METTL3-VISTA axis-based combination immunotherapy for APC truncation colorectal cancer.

作者信息

Wu Ling, Bai Rui, Zhang Yujie, Chen Hao, Wu Jianghua, Chen Zetao, Wang Hui, Zhao Liang

机构信息

Department of Pathology, Shunde Hospital of Southern Medical University, Foshan, Guangdong, China.

Department of Pathology, School of Basic Medical Sciences, Southern Medical University, Guangzhou, Guangdong, China.

出版信息

J Immunother Cancer. 2024 Dec 9;12(12):e009865. doi: 10.1136/jitc-2024-009865.

DOI:10.1136/jitc-2024-009865
PMID:39653551
原文链接:https://pmc.ncbi.nlm.nih.gov/articles/PMC11629097/
Abstract

OBJECTIVE

Although immune checkpoint blockade (ICB) therapy represents a bright spot in antitumor immunotherapy, its clinical benefits in colorectal cancer (CRC) are limited. Therefore, a new target for mediating CRC immunosuppression is urgently needed. Adenomatous polyposis coli (APC) mutations have been reported as early-stage characteristic events in CRC, but the role of truncated APC in the CRC immune microenvironment remains unclear and its clinical significance has yet to be explored.

DESIGN

Adenocarcinoma formation in the colon of the APC mouse model, which displays features associated with the translation of truncated APC proteins, was induced by azoxymethane/dextran sodium sulfate. Multiplexed immunohistochemical consecutive staining on single slides and flow cytometry were used to explore the activation of immune cells and the expression of the immune checkpoint V-domain immunoglobulin suppressor of T-cell activation (VISTA) in the CRC tissues of APC and APC mice. The construction of truncated APC vectors and an initial subserosal graft tumor mouse model was employed to mimic the tumor microenvironment (TME) during APC mutation. Methylated RNA immunoprecipitation-quantitative PCR assays were performed to investigate the N6-methyladenosine (m6A)-dependent transcriptional regulation of hypoxia-inducible factor-1 alpha (HIF1α) by methyltransferase-like protein 3 (METTL3). Mettl3 vil1-cre mice were used to demonstrate that targeting METTL3 is a mediator that mitigates the deleterious effects of the APC978∆-HIF1α axis on antitumor immunity.

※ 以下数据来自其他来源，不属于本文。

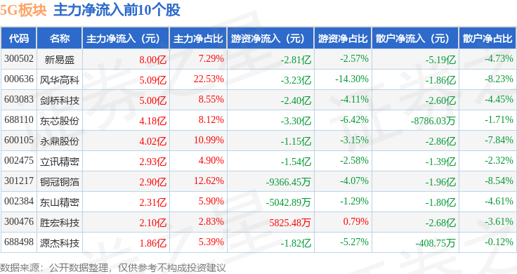从资金流向上来看,当日5G板块主力资金净流入4.6亿元,游资资金净流出3.55亿元,散户资金净流出1.05亿元。5G板块个股资金流向见下表:

A chimeric VISTA humanized mouse model was used to evaluate the drug efficacy of the VISTA-targeted compound onvatilimab.

RESULTS

We showed that APC978∆, a truncated APC protein, mediated overexpression of METTL3, resulting in m6A methylation of HIF1α messenger RNA and high expression of HIF1α. Furthermore, HIF1α promotes the migration of myeloid-derived suppressor cells to the TME by binding to the promoters of MCP-1 and MIF. In addition, HIF1α enhances the expression of the immune checkpoint VISTA on CRC cells, weakening tumor immune monitoring.

CONCLUSIONS

We elucidate that an underappreciated function of truncated APC in CRC is its ability to drive an immunosuppressive program that boosts tumor progression. Our work could provide a new perspective for the clinical application of immunotherapy in patients with CRC resistant to ICB therapy.

摘要

目的

尽管免疫检查点阻断(ICB)疗法是抗肿瘤免疫疗法的一个亮点,但其在结直肠癌(CRC)中的临床益处有限。因此,迫切需要一个介导CRC免疫抑制的新靶点。据报道,腺瘤性息肉病 coli(APC)突变是CRC的早期特征性事件,但截短型APC在CRC免疫微环境中的作用仍不清楚,其临床意义尚待探索。

设计

用偶氮甲烷/葡聚糖硫酸钠诱导APC小鼠模型结肠中腺癌的形成,该模型表现出与截短型APC蛋白翻译相关的特征。使用单张载玻片上的多重免疫组织化学连续染色和流式细胞术来探究APC和APC小鼠CRC组织中免疫细胞的活化以及免疫检查点T细胞活化V结构域免疫球蛋白抑制因子(VISTA)的表达。构建截短型APC载体和初始浆膜下移植瘤小鼠模型,以模拟APC突变期间的肿瘤微环境(TME)。进行甲基化RNA免疫沉淀-定量PCR分析,以研究甲基转移酶样蛋白3(METTL3)对缺氧诱导因子-1α(HIF1α)的N6-甲基腺苷(m6A)依赖性转录调控。使用Mettl3 vil1-cre小鼠来证明靶向METTL3是一种减轻APC978∆-HIF1α轴对抗肿瘤免疫有害影响的介质。使用嵌合VISTA人源化小鼠模型评估靶向VISTA的化合物onvatilimab的药物疗效。

结果

我们发现截短型APC蛋白APC978∆介导METTL3的过表达,导致HIF1α信使RNA的m6A甲基化和HIF1α的高表达。此外,HIF1α通过与MCP-1和MIF的启动子结合,促进髓源性抑制细胞向TME迁移。此外,HIF1α增强CRC细胞上免疫检查点VISTA的表达,削弱肿瘤免疫监测。

结论

我们阐明了截短型APC在CRC中一个未被充分认识的功能,即其驱动促进肿瘤进展的免疫抑制程序的能力。我们的工作可为ICB治疗耐药的CRC患者免疫治疗的临床应用提供新的视角。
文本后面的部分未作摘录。